DATA PROVIDED:
= = = =

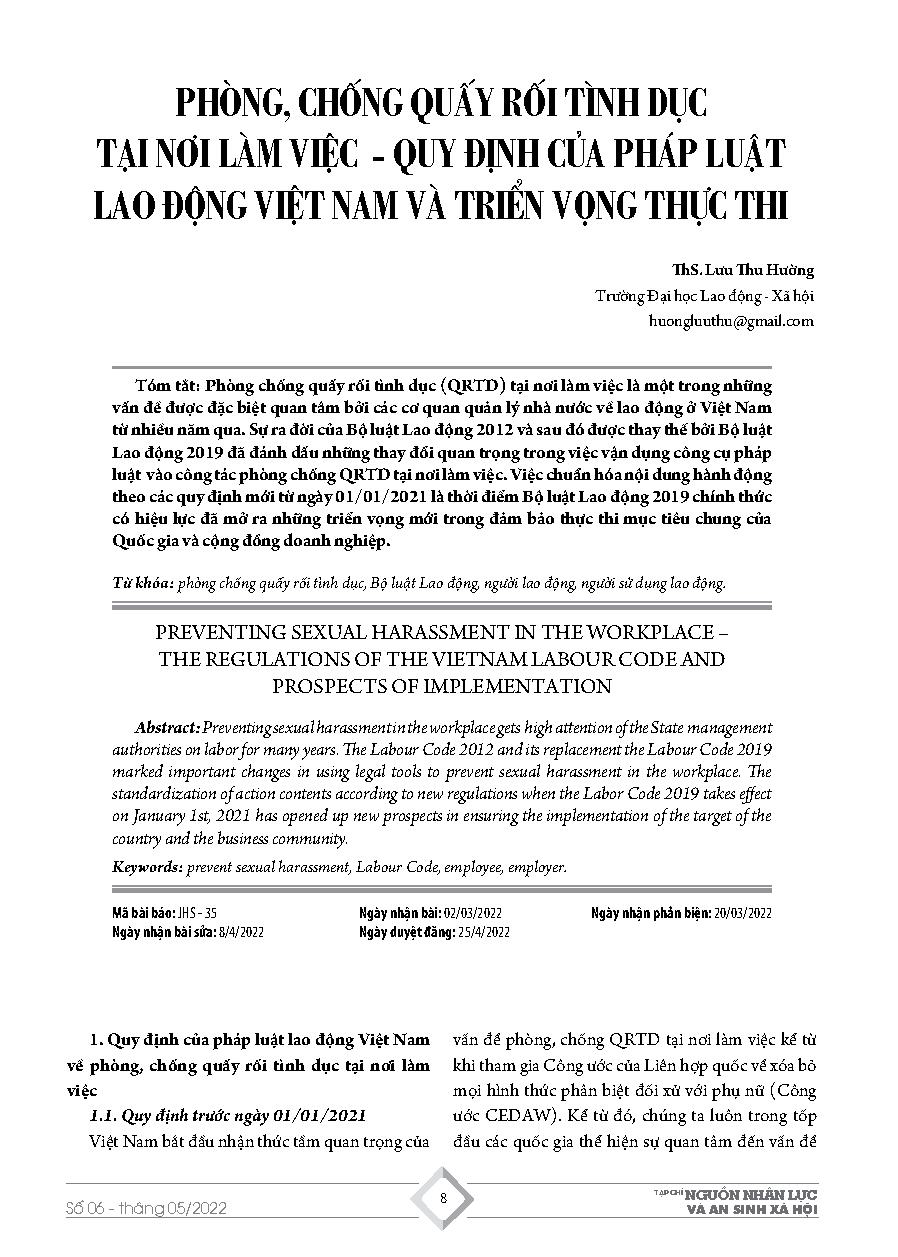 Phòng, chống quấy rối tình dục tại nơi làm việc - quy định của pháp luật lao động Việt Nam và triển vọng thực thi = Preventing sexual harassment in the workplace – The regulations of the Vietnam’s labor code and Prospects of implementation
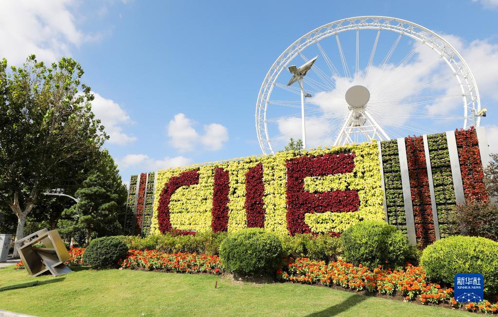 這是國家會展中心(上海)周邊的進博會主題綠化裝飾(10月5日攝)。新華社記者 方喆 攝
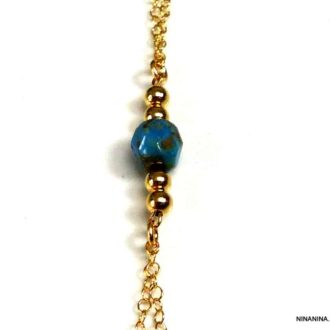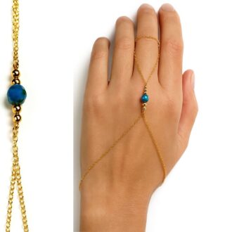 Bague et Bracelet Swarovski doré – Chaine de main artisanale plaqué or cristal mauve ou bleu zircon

= = = =

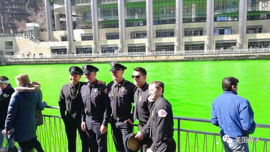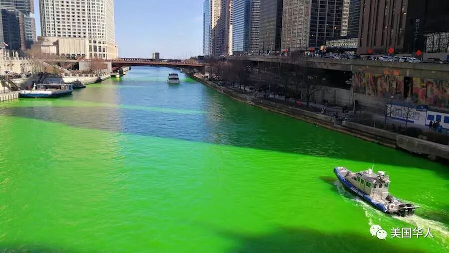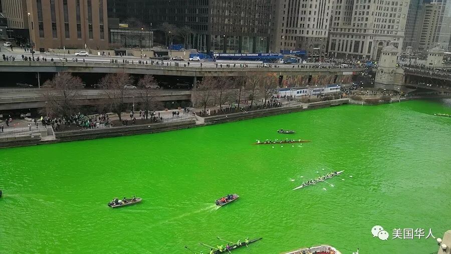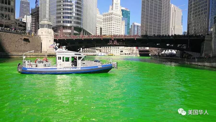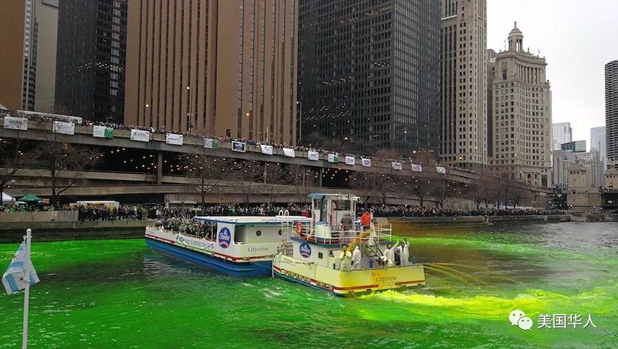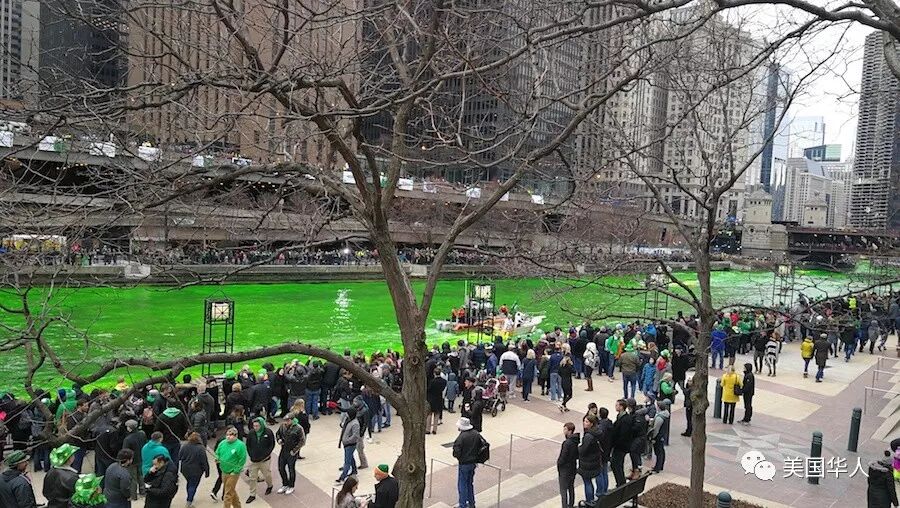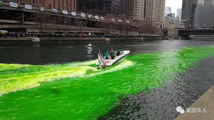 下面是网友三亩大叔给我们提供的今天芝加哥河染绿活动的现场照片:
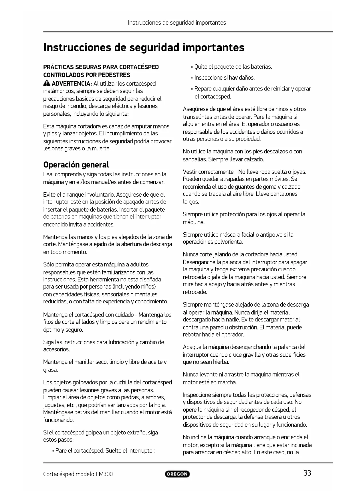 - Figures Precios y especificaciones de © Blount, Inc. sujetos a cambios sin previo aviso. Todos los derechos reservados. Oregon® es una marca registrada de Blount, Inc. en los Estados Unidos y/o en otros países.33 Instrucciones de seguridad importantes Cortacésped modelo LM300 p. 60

= = = =

INSTRUCTIONS FOR THE TASK: Go back to the listing above and reproduce, exactly, the stretch from the line bearing "Phòng, chống quấy" through the line bearing "Bague et Bracelet", without its pictures.

ANSWER BOX:
 Phòng, chống quấy rối tình dục tại nơi làm việc - quy định của pháp luật lao động Việt Nam và triển vọng thực thi = Preventing sexual harassment in the workplace – The regulations of the Vietnam’s labor code and Prospects of implementation
 這是國家會展中心(上海)周邊的進博會主題綠化裝飾(10月5日攝)。新華社記者 方喆 攝
 Bague et Bracelet Swarovski doré – Chaine de main artisanale plaqué or cristal mauve ou bleu zircon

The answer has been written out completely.